Single by Drake featuring 21 Savage

from the album More Life (intended)
- Released: October 29, 2016
- Genre: Hip hop; trap;
- Length: 4:11
- Label: Young Money; Cash Money; Republic;
- Songwriters: Aubrey Graham; Shayaa Joseph; London Holmes;
- Producer: London on da Track

Drake singles chronology
| "Fake Love" (2016) | "Sneakin'" (2016) | "Two Birds, One Stone" (2016) |

21 Savage singles chronology
| "No Heart" (2016) | "Sneakin'" (2016) | "Gucci On My" (2017) |

= Sneakin' =

"Sneakin' is a song by Canadian rapper Drake featuring British-American rapper 21 Savage. Written alongside producer London on da Track, the song was released for digital download on October 29, 2016, through Young Money Entertainment, Cash Money Records and Republic Records. "Sneakin is one of three singles that Drake released simultaneously, alongside "Fake Love" and "Two Birds, One Stone".

==Composition==
"Sneakin is a hip hop song with bounce influences composed in common time (4/4 time) and produced in A major with a tempo of 85 beats per minute. The song was produced by London on da Track using Ableton Live. Entertainment Weekly highlighted the song's Atlanta hip-hop influence, calling it a "lurching ode to [Drake's] haters".

==Music video==
The music video, which was directed by GAB3, was released on November 13, 2016, exclusively on Apple Music.

==Critical reception==
Entertainment Weekly gave the song, along with "Fake Love" and "Two Birds, One Stone" a grade of B+, and commended its "vivid, open-book lyricism".

== Personnel ==
All credited as songwriters.

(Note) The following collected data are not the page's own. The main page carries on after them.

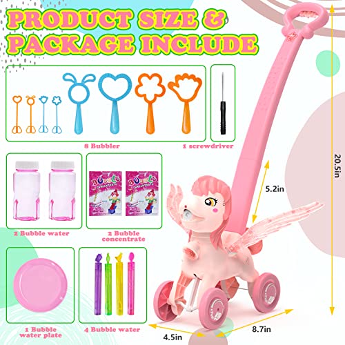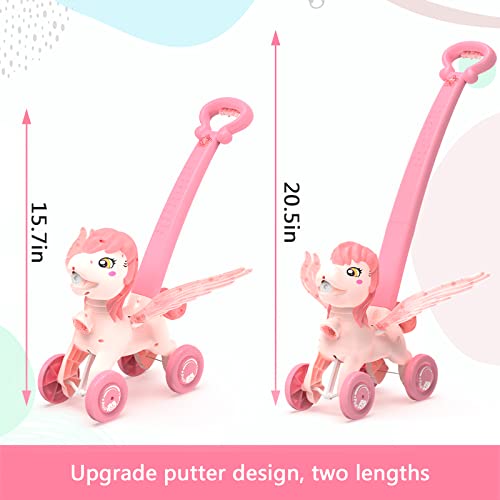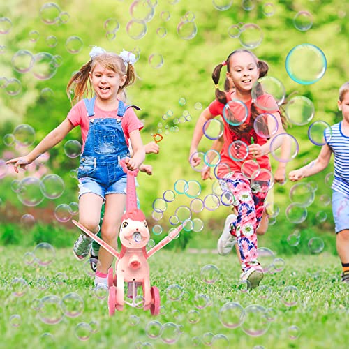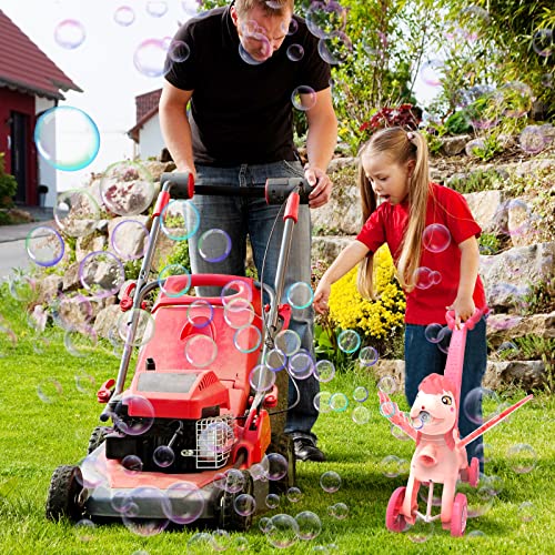 Bubble Machine Blower Lawn Mower for Kids,Bubbles for Toddlers 1-3, Summer Outdoor Push Toy with Music Lights for Garden,Park,Lawn Game as Birthday Unicorn Gifts for Preschool Baby Girls Boys(Pink)
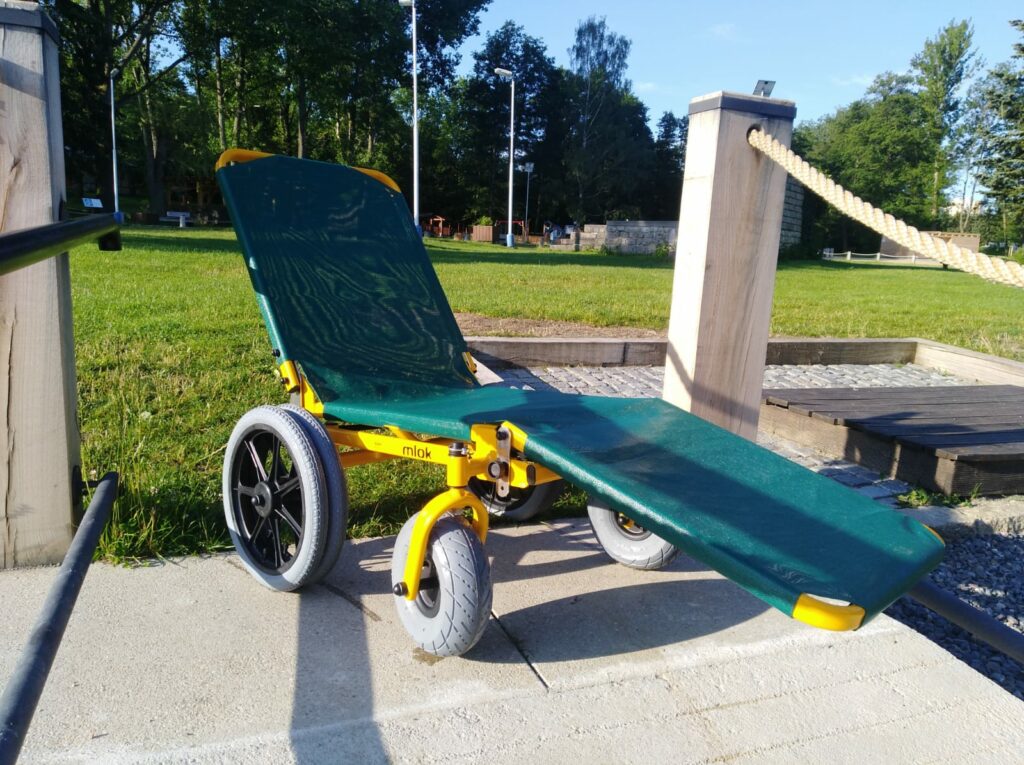 Možnost bezplatného zapůjčení lehátka do vody pro imobilní. Lehátko se půjčuje proti vratné záloze 200 Kč nebo průkazu ZTP.
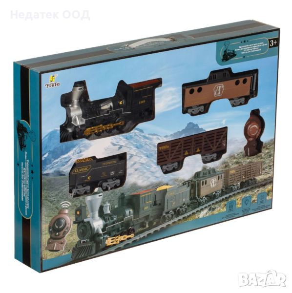 Играчка за момче, влакче с дистанционно управление с 3 коли и двигател. Има 16 песни за свързване, светодиодни светлини и реалистични звуци от влакове. Има дистанционно, бутон за регулиране на скоростта, бутон за музика и бутон за тромпет. Работи с 4 AA батерии за влака (не са включени) и 2 AA батерии за контролера (не са включени).
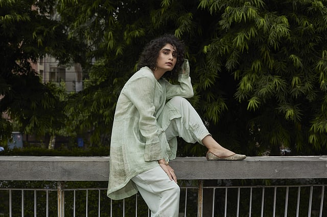 The new line, unlike their previous works, was created using textiles — metallic fibre and linen (the latter being their go-to fabric) by master crafters. With occasion wear outfits, this festive special offers ready-to-wear shirt dresses, dhoti pants, drawstring pant and dupattas in mint and light pink. “We have always opted for not-so-bright colours like grey, aqua, indigo and light shades of pink. We care about using natural fabrics and age-old techniques to create garments that are sustainable and long-lasting. Most of the tops and pants in the collection, thus, allow mix-and-match as well. While we usually opt for 100 per cent natural woven linen, we tried something new by blending metallic fibre with it and the response has been great,” she shares.

Adapted from TIDAL.

- London on da Track – producer
- Drake – vocals
- 21 Savage – vocals

==Charts==
===Weekly charts===

| Chart (2016) | Peak position |
|---|---|
| Australia (ARIA) | 81 |
| Canada Hot 100 (Billboard) | 20 |
| France (SNEP) | 180 |
| Ireland (IRMA) | 80 |
| Portugal (AFP) | 93 |
| Scotland Singles (OCC) | 64 |
| UK Hip Hop/R&B (OCC) | 9 |
| UK Singles (OCC) | 52 |
| US Billboard Hot 100 | 28 |
| US Hot R&B/Hip-Hop Songs (Billboard) | 8 |

===Year-end charts===

| Chart (2017) | Position |
|---|---|
| US Hot R&B/Hip-Hop Songs (Billboard) | 93 |

==Certifications==

Certifications for "Sneakin'"
| Region | Certification | Certified units/sales |
| Australia (ARIA) | Gold | 35,000^{‡} |
| United Kingdom (BPI) | Silver | 200,000^{‡} |
| United States (RIAA) | Platinum | 1,000,000^{‡} |
^{‡} Sales+streaming figures based on certification alone.